You can also generate the same table to statistics as on the QC panel from the command-line using the tnseq_stats command.

Below the plots are a table of statistics. While there are not rigorous criteria for defining “bad” datasets, rules of thumb I use for “good” datasets are: density>30% (ideally >50%) and NZmean>10 (ideally >50). In addition, I look at MaxReadCount and Skewness as indicators. Typically, MaxReadCount will be in the range of a few thousand to tens-of-thousands. If you see individual sites with counts in the range of 105-106 , it might mean you have some positive selection at a site (e.g. biological, or due to PCR jackpotting), and this can have the effect of reducing counts and influencing the distribution at all the other sites. If MaxReadCount<100, that is also probably problematic (either not enough reads, or possibly skewing). Also, skewness>30 often (but not always) signals a problem. Kurtosis doesn’t seem to be very meaningful. The reason it is not easy to boil all these down to a simple set of criteria is that some some of the metrics interact with each other.

Beta-Geometric Correction

If you have a “bad” or poorly-behaving or “skewed” dataset (e.g. with mostly low counts, dominated by a few high counts), right now the only remedy you can try is applying the Beta-Geometric correction (BGC), which is a non-linear adjustment to the insertion counts in a wig file to make them more like an ideal Geometric distribution (DeJesus & Ioerger, 2016). (Note, all the other normalizations, like TTR, are linear adjustments, and so they can’t correct for skewing.)

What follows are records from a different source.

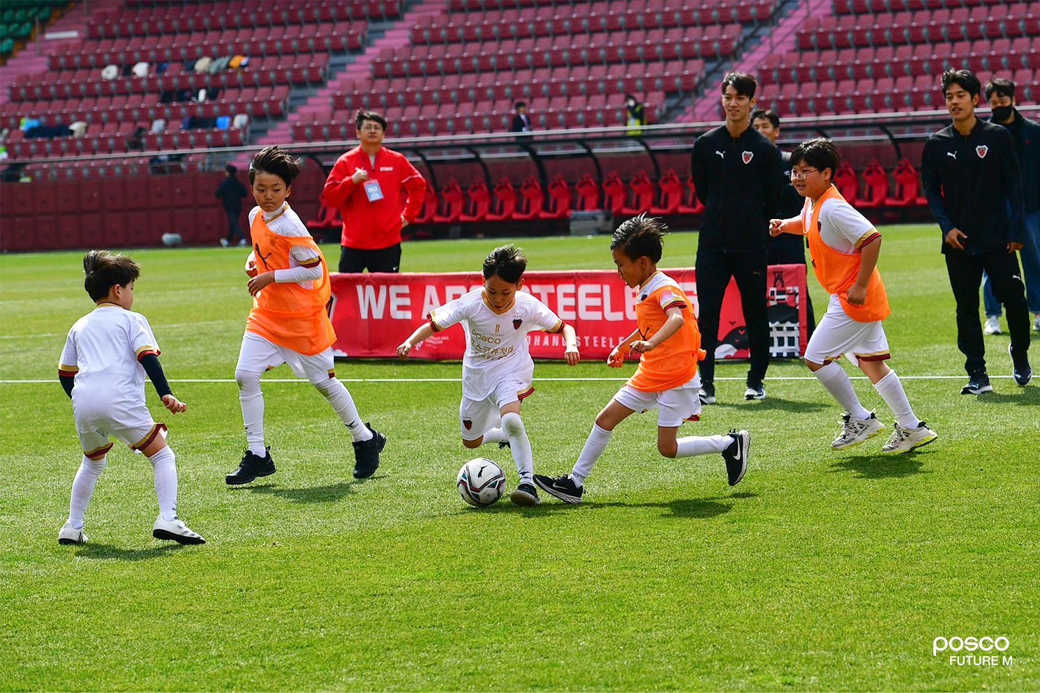 포스코퓨처엠은 포항스틸러스와 함께 포항 지역 아동센터 8곳 어린이 총 50명을 대상으로 축구교실을 운영하고 있습니다. 포스코퓨처엠은 어린이들의 기초체력과 협동심을 기르고 K리그 관람 등 스포츠 문화 체험 기회를 제공하기 위해 포항스틸러스와 함께 축구교실을 기획했습니다.
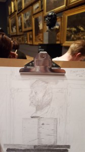 I longed to recapture the contentment, sitting in my Nan’s tiny cottage over a hot and mosquito filled January or several, listening to the steady too-ing and fro-ing thocks of the tennis while I painted, and painted. Instead, I found a new contentment, looking for views and angles as I wandered Melbourne’s CBD and lying on the parquet floor of the NGV, pencil in hand.
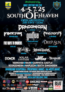 Zbytiny u Prachatic se opět stanou dějištěm jedinečného metalového festivalu! Ve dnech 4.–5. července 2025 proběhne již čtvrtý ročník akce South of Heaven Open Air, která přinese dvoudenní nálož tvrdé hudby v unikátním prostředí kamenolomu. Ve dvou dnech se představí přibližně 20 kapel z celé Evropy. Zahraniční scéna bude zastoupena například thrash metalovými INJECTOR ze Španělska, power prog metalovými FORTRESS UNDER SIEGE z Řecka, italskou metal-punkovou smršť FIVE WAYS TO NOWHERE nebo symphonic death metalovou formací GODIVA z Portugalska. Domácí scénu podpoří ostřílení SHAARK, SOLAR SYSTEM a energičtí power metaloví DONOR.
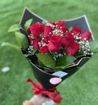 Our Best seller bouquet with a dozen red roses white hydrangea and sunflowers-
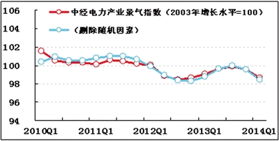 2014年一季度,中经电力产业①景气指数为98.7(2003年增长水平=100),比去年四季度下降0.9点,降幅较上季度扩大0.6点。
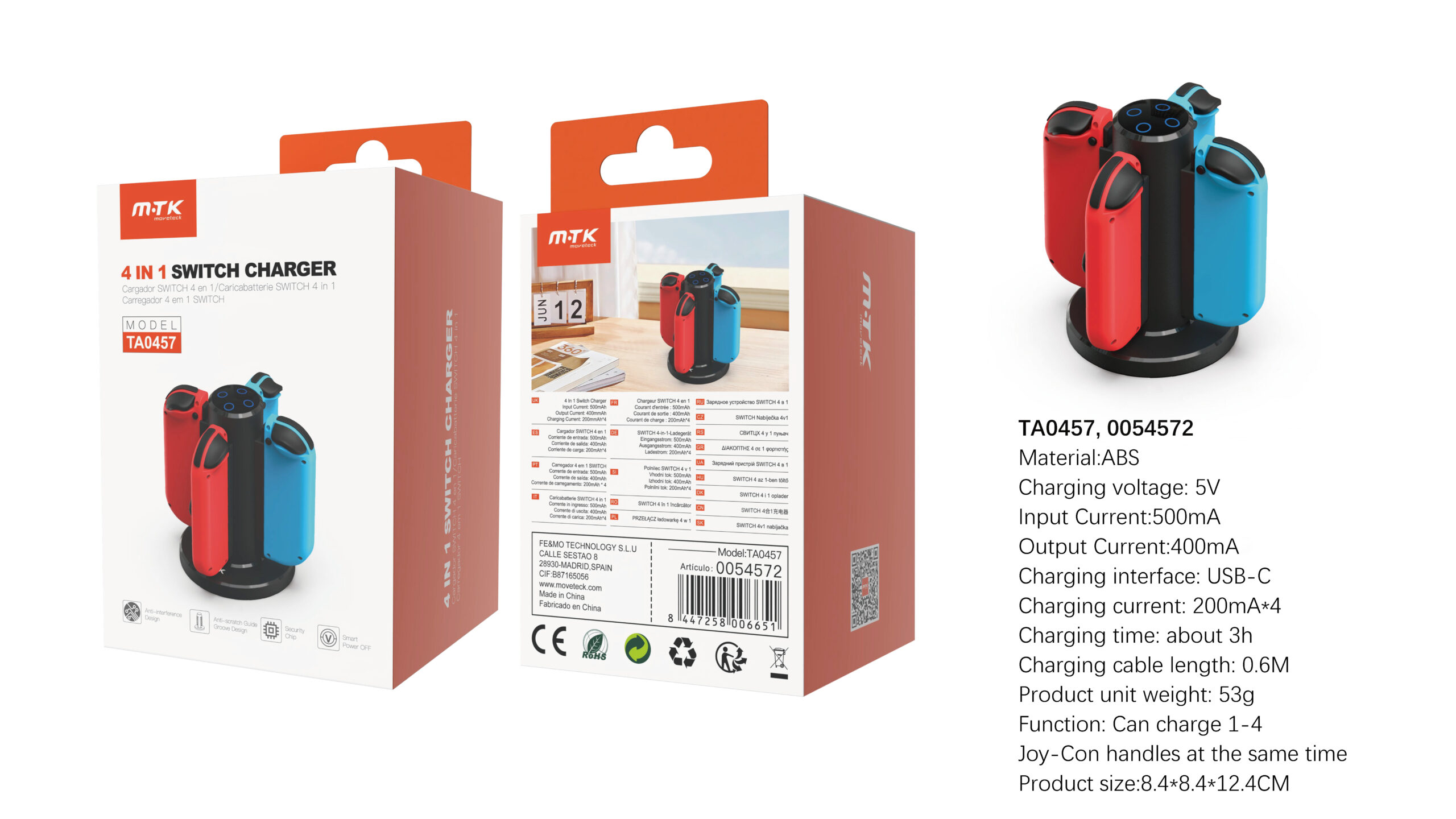 TA0457 NE 4 en 1 NE Cargador de controlador de Nintendo Switch, Negro
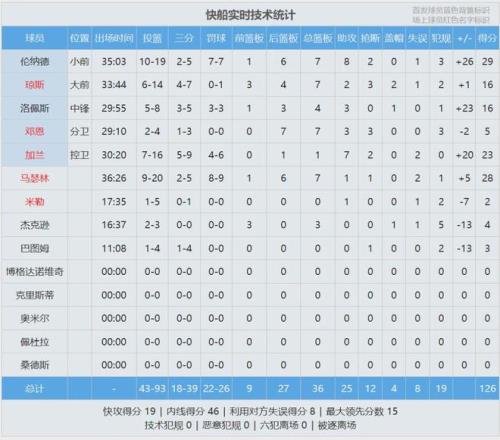 快船新援馬瑟林和加蘭都有不錯的表現:馬瑟林替補出戰36分鐘,投籃20中9,三分5中2,罰球9中8,得到28分7籃板,正負值+5。加蘭首發出戰30分鐘,投籃16中7,三分9中5、罰球6中4,拿到23分7助攻2搶斷,正負值+20。

In the GUI, when you are looking, you can change the normalization (e.g. from TTR to betageom) using the drop-down. Be aware that the Beta-Geometric normalization is compute-intensive and might take few minutes.

If it looks like it might help (i.e. if the QQ-plot fits the diagonal better using BG normalization), you can created BG-corrected versions of individual wig files by exporting them using the normalize command on the command-line with ‘-n betageom’ to specify normalization.